Before these sightings, the last reported Tararua sighting was in the 1920s.

Whio are found nowhere else in the world and are rarer than some species of kiwi.

“The presence of this whio, in an area that hasn’t had a population for several decades, is an exciting turn of events,” said Andrew Glaser, DOC Whakatane senior biodiversity ranger and leader of the Whio
Recovery Group.

“There are less than 3000 birds in the whole of New Zealand, and less than 200 pairs in the lower North Island.”

He believes the bird is from a population in the Ruahine Range.

“That he’s moved out into this area suggests there’s a growth population, which is an indication that conservation efforts are making a difference,” Glaser said.

“The sightings in the past two years have also been all around this area in the Tararuas from Smith Creek tributary to the Upper Ruamahanga.

“So he’s moving around a lot … this behaviour indicates that our single male is looking for a mate.”

From April to July, whio start looking for a mate, find their match, and settle down.

Once whio paired up they tended to remain in the area and were very territorial.

But this male is unlikely to find a mate in the Tararua Range this breeding season. Males are more widely distributed than females, who don’t move around very much.

There are also more males than females in the dwindling population.

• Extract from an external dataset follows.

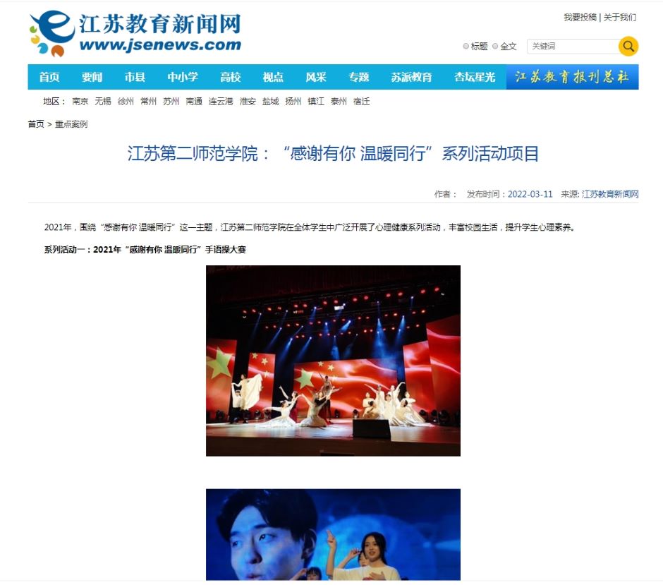 日前,我校大学生心理健康教育中心申报的2021年“感谢有你 温暖同行”系列活动项目入选“感谢有你,温暖同行——大学生心理健康教育江苏行”主题教育活动重点案例。

However, the future could be brighter for this whio lonely heart.

The Whio Recovery Group has identified the Tararua Range as a site where it would like to see whio re-established.

This view is supported by Mireille Hicks, captive breeding ranger at Pukaha National Wildlife Centre who looks after whio bred for release in the central North Island.

“The sighting of whio in the Tararua Range is an indication that the quality of the environment is good,” she says.

“Their preferred area is often higher up, as they are torrent ducks, so they like fast-flowing water.

“This might be a good starting point to consider releasing whio into the Tararua Range in the future.

“They used to be there and it would be fantastic if we could come full circle and release them so close to their breeding zone here at Pukaha.

“It is hopeful for the whio in this region and is also indicative of the success of predator control measures in the surrounding areas.”